E can bind S and I Thus I binding will not interfere with S binding
vo vs [S] plot shows no change in Km in presence of non-competitive I
But non-competitive I does lower Vmax = decreased catalytic efficiency
Likely binding of I causes conformational change in enzyme
For non-competitive inhibition
Lineweaver-Burk Plot shows larger 1/Vmax* than 1/Vmax
(Vmax*< Vmax)
Allosteric Regulation
commonly seen with multisubunit enzymes
ATCase (aspartate transcarbamoylase)
very important in synthesis of pyrimidine nucleotides:
CTP: cytidine triphosphate
UTP: uridine triphosphate
ATCase (E. coli) 310kD
12 subunits, forms carbamoyl aspartate
ATCase = 1st step in enzyme pathway to CTP and UTP
CTP, UTP inhibit ATCase (feedback inhibition)
However, ATP activates ATCase
CTP, ATP are allosteric modulators of ATCase
ATCase kinetics: Sigmoid plot of vo vs [Aspartate]
Sigmoid curve indicates cooperativity
CTP shifts curve to right:
ATP shifts curve to left: more like hyperbola
Allosteric kinetics very different from M-M kinetics
Apparent Km for Asp appears to
↑ in presence of CTP and
↓ in presence of ATP
High [CTP] shuts down CTP synthesis.
High [ATP] = signal for cell division
Structure of ATCase
6 catalytic subunits c and
6 regulatory subunits r: c6r6
r binds ATP or CTP
c carries out reaction
c gives a hyperbolic plot (no regulation if its by itself)
r: has no catalytic activity but does bind ATP or CTP
Enzyme Mechanisms
Ribonuclease A (RNase A) 14 kDa, 124 amino acids,
4 -S-S- bridges (4 cystines)
RNase A= small pancreatic enzyme
RNase A attaches to long polymeric RNA and cuts the chain
Investigations of nature of active site:
1. Incubate RNase A at 3oC briefly with bacterial protease subtilisin
One peptide bond hydrolysed between AA20 and 21
Enzyme product = RNase S and it was active.

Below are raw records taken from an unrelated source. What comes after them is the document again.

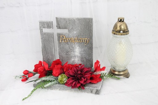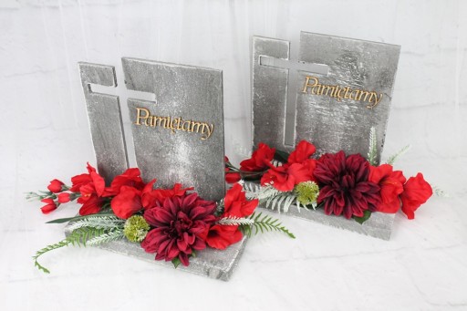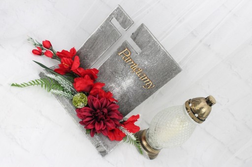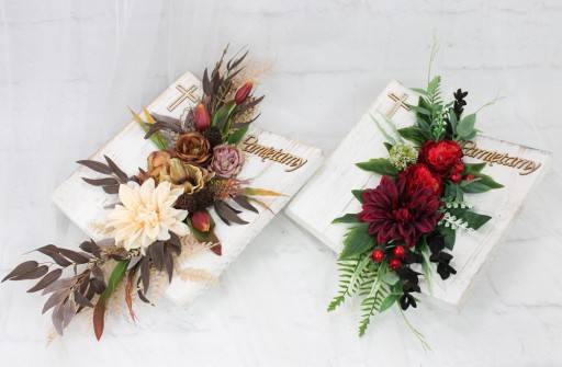 Wyjątkowa, niepowtarzalna i oryginalna kompozycja nagrobna wykonana z wysokiej jakości sztucznych kwiatów na drewnianej podstawie w formie tablicy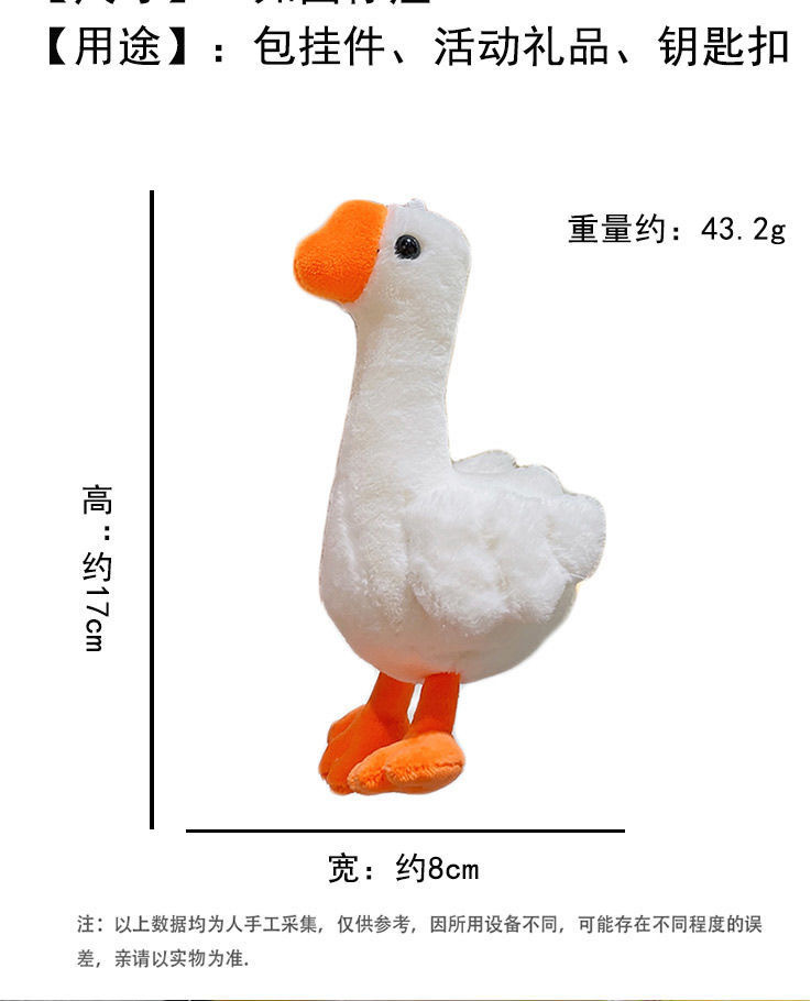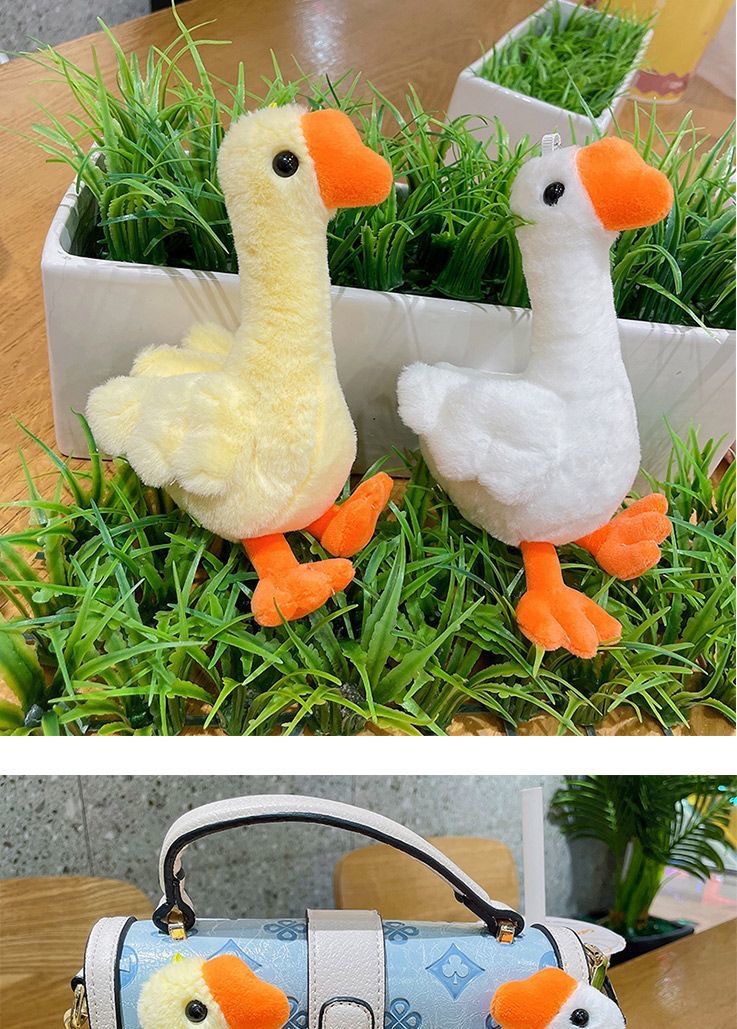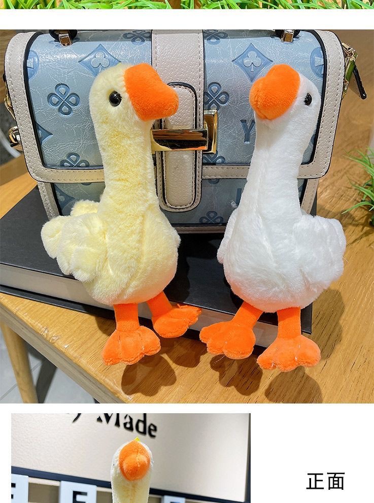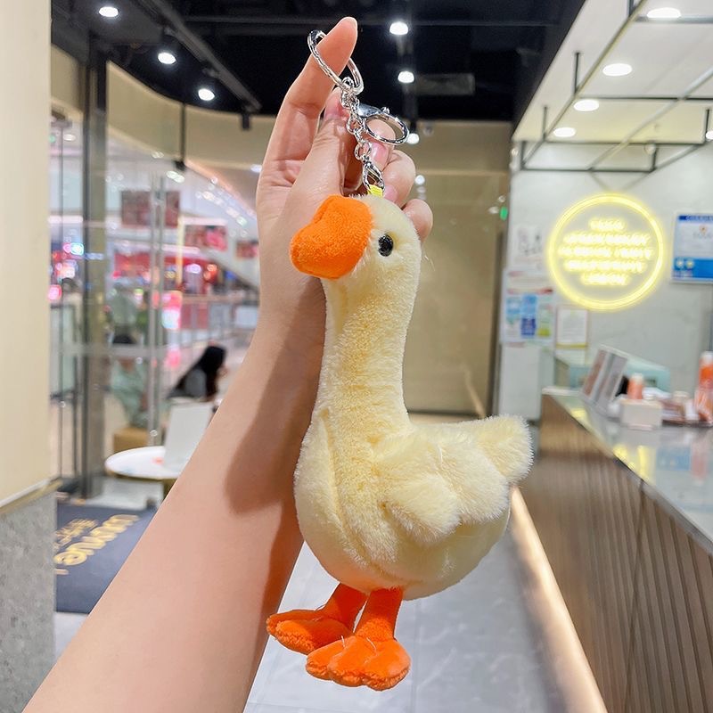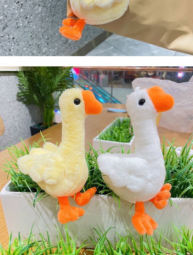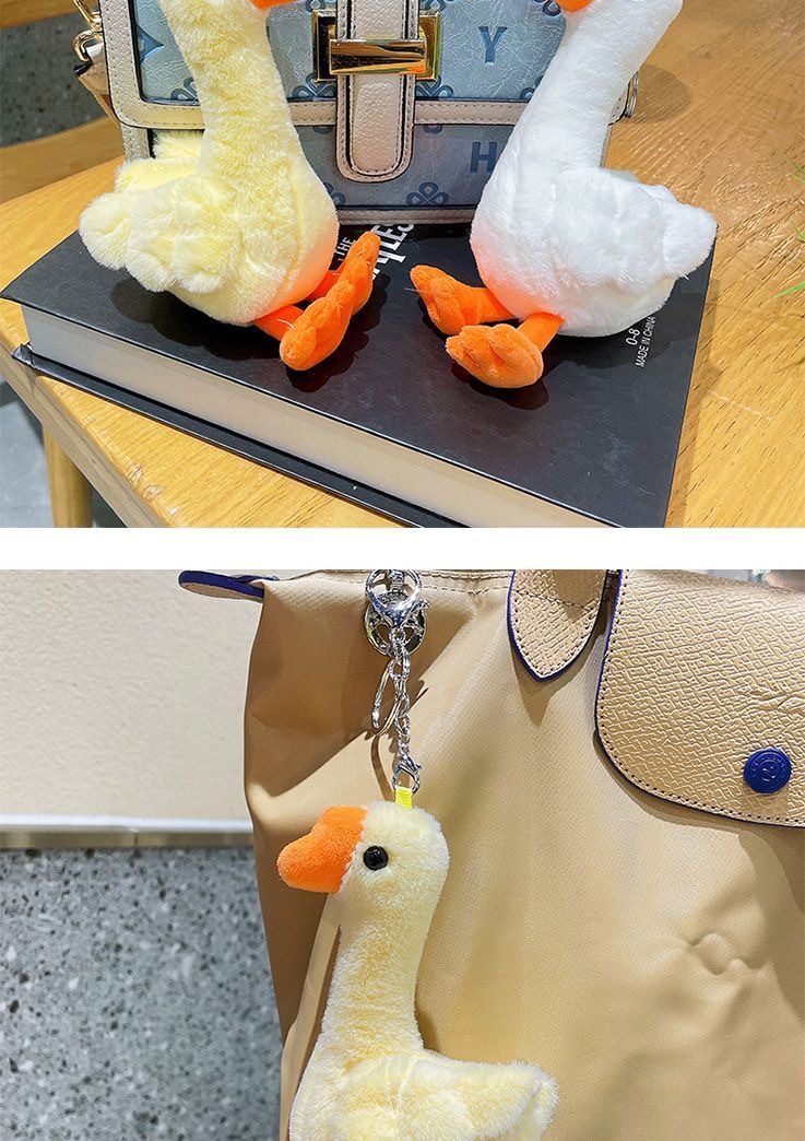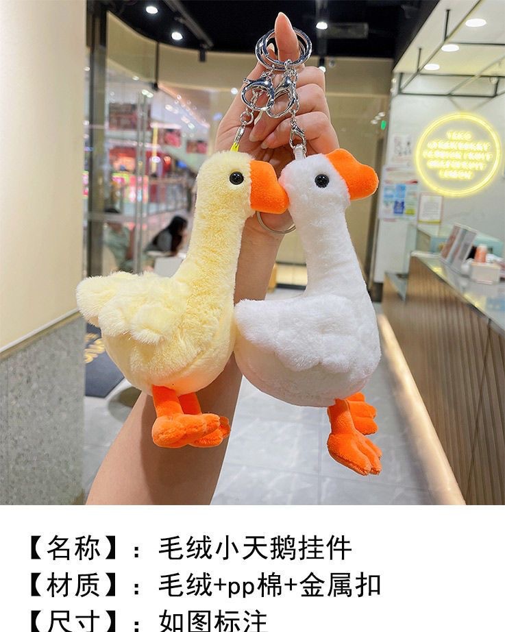 귀여운 큰 흰색 거위 봉제 인형 펜던트 작은 노란색 오리 봉제 자동차 키 체인 여성 학생 학교 가방 펜던트 보석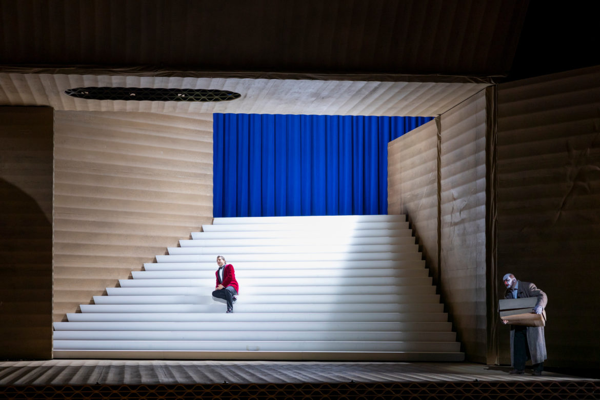 Avec cette production de Rigoletto de Verdi signée Claus Guth, l’Opéra National de Paris fait étalage de luxe vocal où brillent les étoiles de Ludovic Tézier, Nadine Sierra et Dmitry Korchak. Un drame dans une boite en carton mais bien absent de la fosse d’orchestre.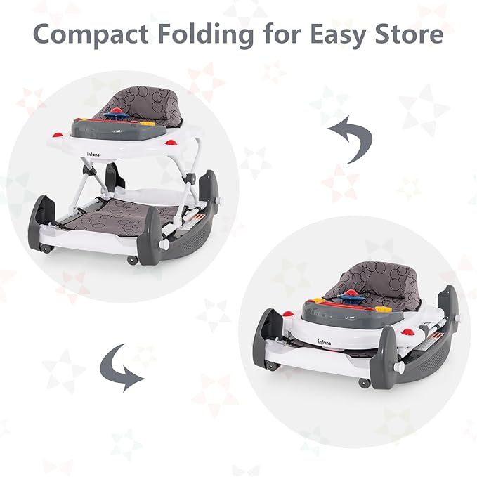 - 5 in 1 Baby Walker:INFANS baby walkers can be easily converted into bouncer and rocking chair, activity center, walk-behind walkers and rocking chair to meet the needs of babies at different stages and accompany their growth

RNase S did hang together (non-covalent forces)
When two pieces pulled apart no activity in S-peptide (AA 1-20) or S-protein (21-124)
Each part contributed to the active site of the enzyme
2. Chemical Modification:
Incubate RNase A with iodoacetate: loss of activity
This inactive RNase A has carboxymethyl His 12 or carboxymethyl His 119.
Suggested His 12 and 119 are at the active site and play a role in catalysis.
3. RNase A cuts RNA on the 3’ side of pyrimidine nucleotide residues (C or U)
Active site of RNase A may have a binding site for the pyrimidine nucleotides.
Mechanism: RNase A
Acid-Base catalysis where
His 12, 119 serve as H+ donors and acceptors
Note mechanism in figure.
Chymotrypsin (CT):
CT also a pancreatic enzyme, 25 kDa
Member of a family of enzymes called serine proteases (trypsin, elastase, subtilisin, thrombin)
Each member: same catalytic mechanism. Each has same “catalytic triad” at active site.
CT: triad
Asp 102..His 57..Ser 195
Ser does not normally lose a H+ from its –OH (no dissociation)
However close proximity of His strongly attracts H so that Ser can dissociate.
Asp stabilizes +ve charge on His
See Figure for mechanism.
Overall: The triad allows for a peptide bond in a protein or peptide to be broken.
A new N- and C-terminus are generated-the protein is broken into 2 smaller pieces
What distinguishes different members of the Serine protease family if they all have the
same mechanism?
Answer: Binding specificity
Each member: a different binding pocket promotes hydrolysis of different peptide bonds
Enz. Pocket Specificity
CT H-phobic Trp, Tyr, Phe
T -ve charge Lys, Arg
El. Short Ala, Gly
Each cuts on carboxyl side of the amino acid listed.